BACKGROUND OF THE INVENTION

1. Field of the Invention

The present invention relates to the field of the treatment of microbial infections and gastrointestinal disorders.

2. Description of the Background Art

Treatment of microbial infections, bacterial, viral and fungal, can be difficult by conventional methods. These infections may include gastrointestinal infections (E. coli., H. pylon, VRE, etc.) abdominal infections (peritonitis, pancreatitis, gall bladder infections, etc.), surgical infections and osteomyelitis (bone infection).

Another example of microbial infection is anthrax. Anthrax is an infectious agent caused by Bacillus anthracis, a gram positive organism. It is primarily a disease of herbivores. Anthrax can affect many different vertebrates including humans. The symptoms of anthrax vary widely depending on the route of infection. Three forms of the disease commonly occur including a cutaneous form, a gastrointestinal form, and a pulmonary (inhalation) from. The pulmonary form of the disease is typically caused by inhalation of anthrax spores. The symptoms systemic anthrax can be mimicked in a number of animal models by the administration of virulence factors (endotoxins) which are responsible for the major pathologies, morbidity and mortality seen with anthrax. Once large amounts of anthrax toxins are produced within the body by bacteria, administration of antibiotics are usually ineffective. Anthrax induced pathologies mimic septic shock and the sudden death seen with other gram positive and gram negative bacterial infections such as multi-organ failure, edema and ARDS. In both animals and humans the anthrax induced pathologies also include marked elevation of TNFα, IL-1β, PAF and a number of other inflammatory cytokines. Also seen in anthrax induced septic shock is over production of reactive oxygen intermediates and an increase in aracidonic acid metabolites such as PGE, and thromboxane β₂ and disruption of the actin cytoskeleton.

A number of approaches have been reported to delay, prevent and/or treat exposure to anthrax.
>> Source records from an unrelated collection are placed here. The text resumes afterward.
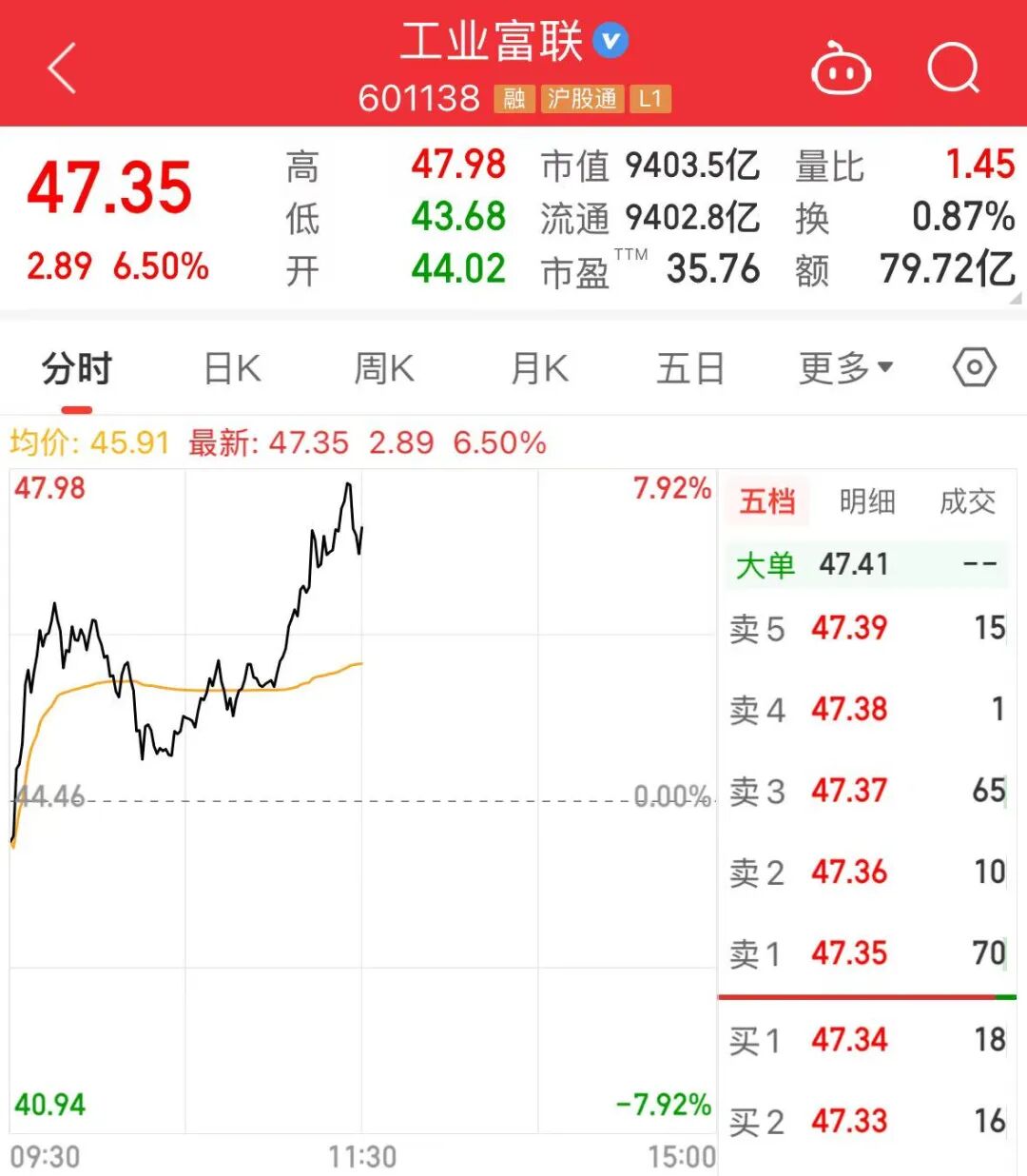 二是工业富联总市值能否破万亿元。今天上午,工业富联上涨6.5%,股价再创历史新高,最新市值为9403.5亿元,居A股第14位。
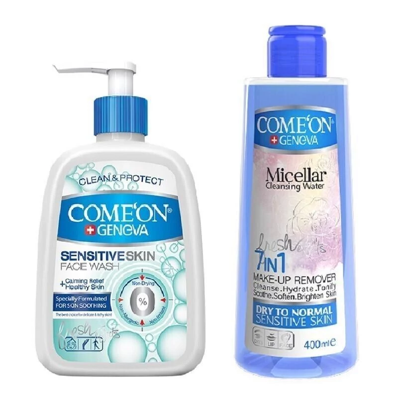پک دوعددی که شامل ژل شستشوی صورت مخصوص پوستهای خشک و حساس کامان Come`On - که یکی از ویژگی های بی نظیر آن این است که این شوینده پاک کننده منافذ پوست، جلوگیری از تکثیر باکتری های مولد جوش های صورت را دارا است که به پر طرفدار شدن این محصول نیز کمک شایانی کرده است. به علاوه در کنار ملایم سازی و متعادل سازی چربی پوست به جهت جلوگیری از زدن جوش این ژل دارای سالیسیلیک اسید با اثر ضد جوش های سر سیاه و سر سفید صورت بویژه ناحیه است که در زیبایی و روش سازی پوست نیز بسیار موثر است. همچنین شایان ذکر است که از آن در تمامی نواحی صورت اعم از پیشانی و بینی می توان استفاده کرد و پوستی جوان و شاداب را برای خود به ارمغان آورید. به همراه محلول پاککننده آرایش یا همان میسلارواتر کامان Come`On - مخصوص پوستهای خشک تا نرمال و حساس ضمن پاکسازی عمیق پوست از آرایش و آلودگی بدون ایجاد سایش، کشیدگی، التهاب و قرمزی پوست صورت،آبرسانی قوی نیز هست.
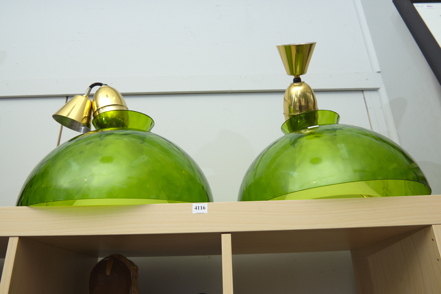 A PAIR OF GREEN MID-CENTURY ADJUSTABLE HANGING LIGHTS

In the prevention area, a human vaccine is available by the effectiveness of the vaccine is unclear. The best treatment currently available is treatment with specific antibiotics such as ciprofloxaxin or doxycyclin. Antibiotics are effective if given at the very early stages of infection and are basically ineffective once the bacteria have had a chance to multiply rapidly producing lethal amounts of the deadly anthrax toxins. Of the three forms of anthrax, the most deadly form is pulmonary (Inhalation) anthrax which has a fatality rate of greater than 75% (even with appropriate antibiotic treatment). Anthrax produces a multi-component toxin that is assembled at the surface of host cells after infection. The lethal action of the anthrax toxins occurs in the cytoplasm of the host cells. The anthrax toxin is only one of many multi-subunit toxins that cause sever illness in humans. A major concern when treating bacterial infections with antibiotics is the appearance of increasing numbers of antibiotic resistant strains. In addition, once the anthrax bacillus has produced large amounts of exotoxins the antibiotics are basically ineffective.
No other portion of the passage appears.